Reencuentros al fresquito del Pozo




Y
a han perdido la cuenta desde cuándo, pero el caso es que, un año más, ahí están las tres; en su mesa de las confidencias,  arrimando su animosa conversación  al fresquito del Pozo, celebrando, desde un rincón del Nacimiento, como siempre con discreción, con prudencia, el triunfo de una amistad que se remonta hasta la infancia, a prueba del tiempo y a pesar de las distancias. Y probablemente así habrían permanecido, escondidas y anónimas, de no haberse cruzado con mi impenitente curiosidad, ávida de historias y vivencias que acercar a la sombra redonda de mi almecino.

De siempre las recuerdo, como ahora, hermanadas por un hilo fuerte e invisible que las ataba con un conjuro de lealtad inquebrantable, quién sabe si porque nunca bebieron los vientos por el mismo niñato insensible con cara de bobo y  cráteres de acné.
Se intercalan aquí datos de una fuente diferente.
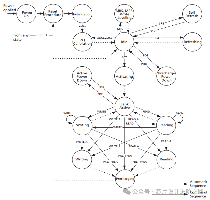 下面是DDR3運行過程的可能的狀態(tài)轉(zhuǎn)換: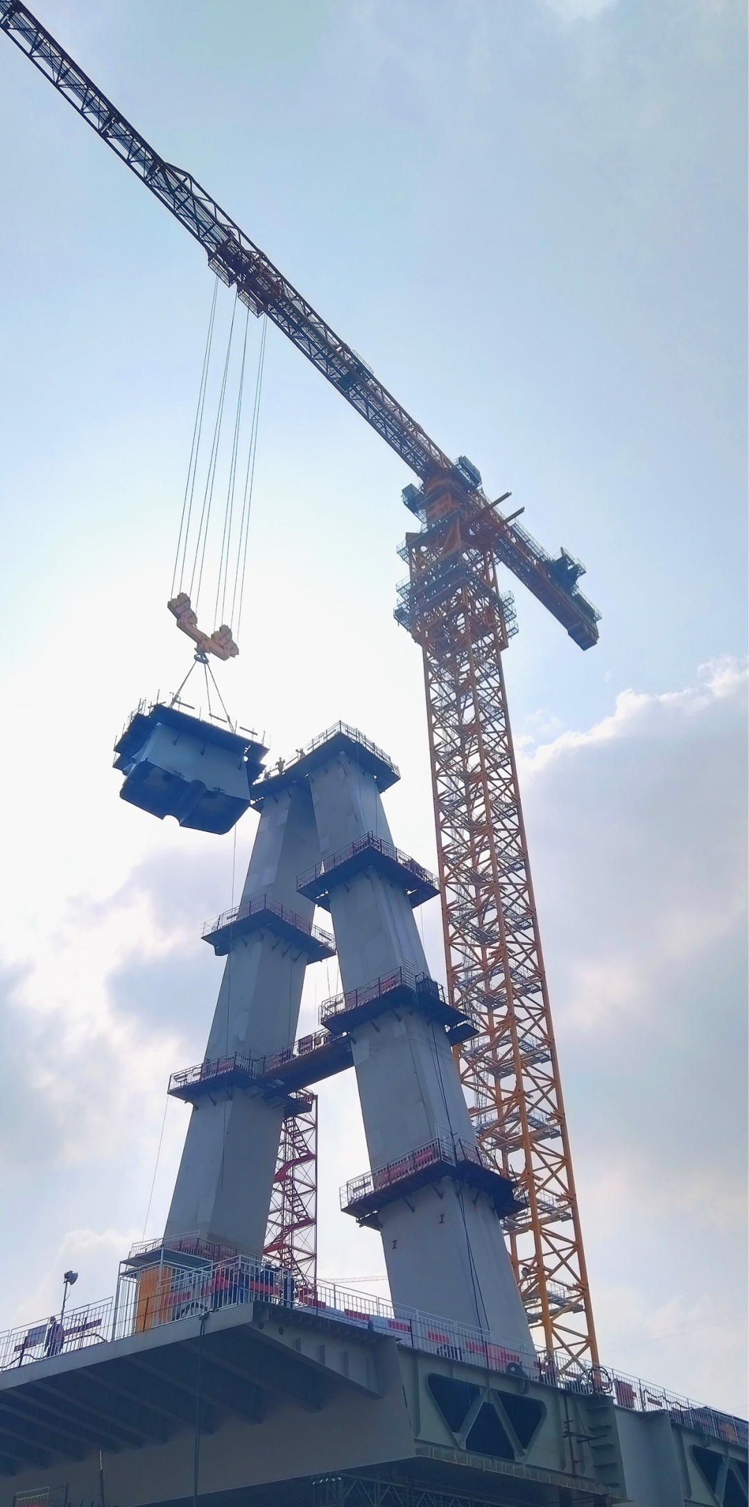 为提升建设速度、尽量减少施工影响,项目方采取装配式施工,先制作好大量预制构件,再拉到现场的设计位置进行拼装,以“搭积木”的方式建桥。由于建设过程涉及水上作业、大件吊装等重大方案,还具有制作安装精度要求高、重型吊装作业量大、协调工作接口多等特点,为保证预制结构顺利起吊安装,项目方、租赁公司携手中联重科,量身定做了超大型塔机R4300-200。

El caso es que las envidiaba, pues era incapaz de descifrar el encriptado de sus gestos, el sentido de sus palabras o la intención de sus miradas, y por mucho que me empeñara en rondar su compañía y también su amistad, nunca logré dar con el secreto de tanta confidencialidad. Pensaba incluso, que había que ser mujer para comprender aquel idioma cargado de fraternales sutilezas.
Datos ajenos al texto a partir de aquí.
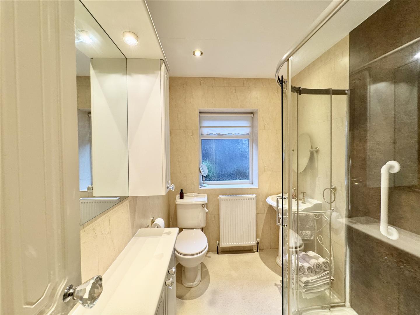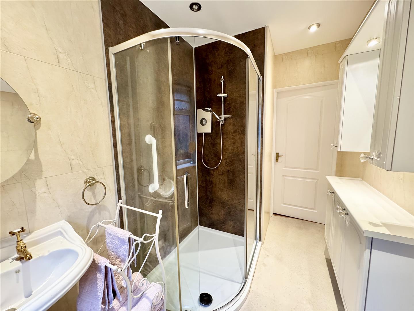 Stylish shower room having a three piece suite in white consisting of a double corner shower cubicle with electric shower, pedestal wash basin and low level WC. There is also a useful wall mounted unit having cupboard, worktop space plus wall cupboard, mirror and LED lights. There is vinyl flooring underfoot, a wall mounted radiator, inset ceiling spotlights and a double glazed window with obscure glass. An internal door leads to the hallway.

Me he acercado a ellas, confieso que como entonces, temeroso e indeciso, a pesar de que mi cara, mis gestos, mis palabras, parecieran transmitir toda la confianza del mundo. “¿Os importa que me siente?” Y como si uno de estos años estuvieran esperando mi llegada, me han hecho un lugar en su mesa de tres esquinas. Nos hemos preguntado por los maridos y por la esposa; por los logros de los hijos y por los hijos-libro que por fin se van logrando; por los recuerdos y por los olvidos; por los besos y los desencuentros; por lo que quisimos ser y lo que aún ansiamos conseguir…
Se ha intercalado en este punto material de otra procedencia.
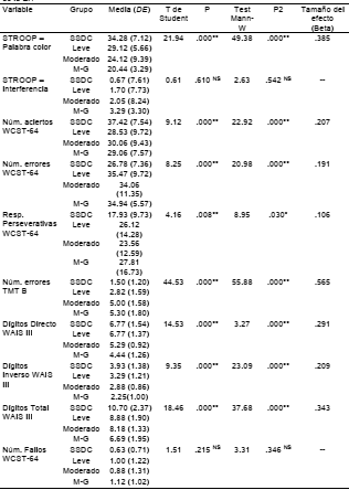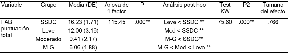 Puntuación total de la Batería de evaluación frontal (FAB). Al analizar el rendimiento ejecutivo global en función del grado de severidad se constata la existencia de las diferencias altamente significativas para p < .001 con, incluso, un tamaño del efecto fuerte (.766). Estas diferencias se confirman con la alternativa no-paramétrica de KW. Los test múltiples a posteriori indican que los casos con EA sean cual sea su nivel puntúan por debajo de los SSDC, así como que entre los tres grados de severidad también hay diferencias significativas (f = 115.45; p < .001) de manera que se puede comprobar que cuanto más elevado sea el grado de severidad, menor es la puntuación alcanzada en la variable (Tabla 2).

De pronto, he caído en la cuenta: estaba hablando el mismo idioma, con los mismos guiños, con las mismas claves que ellas. Las entendía y  ellas comprendían por completo todo lo que de mí salía, hasta cuando me pavoneaba, un poco por saberme el único gallo a la vista, claro. Entonces, mientras ellas hablaban de juntarnos un año de estos todos los de la clase, las he observado silencioso y divertido, recreándome en la belleza serena, aunque tan distinta de cada una de ellas; la sonrisa grande e infantil que aún perdura en la una; la mirada firme y enigmática que sigue caracterizando a la otra; el rubor, casi imperceptible con que la tercera consigue llenar esta tarde de encuentros… Quizá el año que viene, aunque no me hayáis invitado, nos volvamos a ver.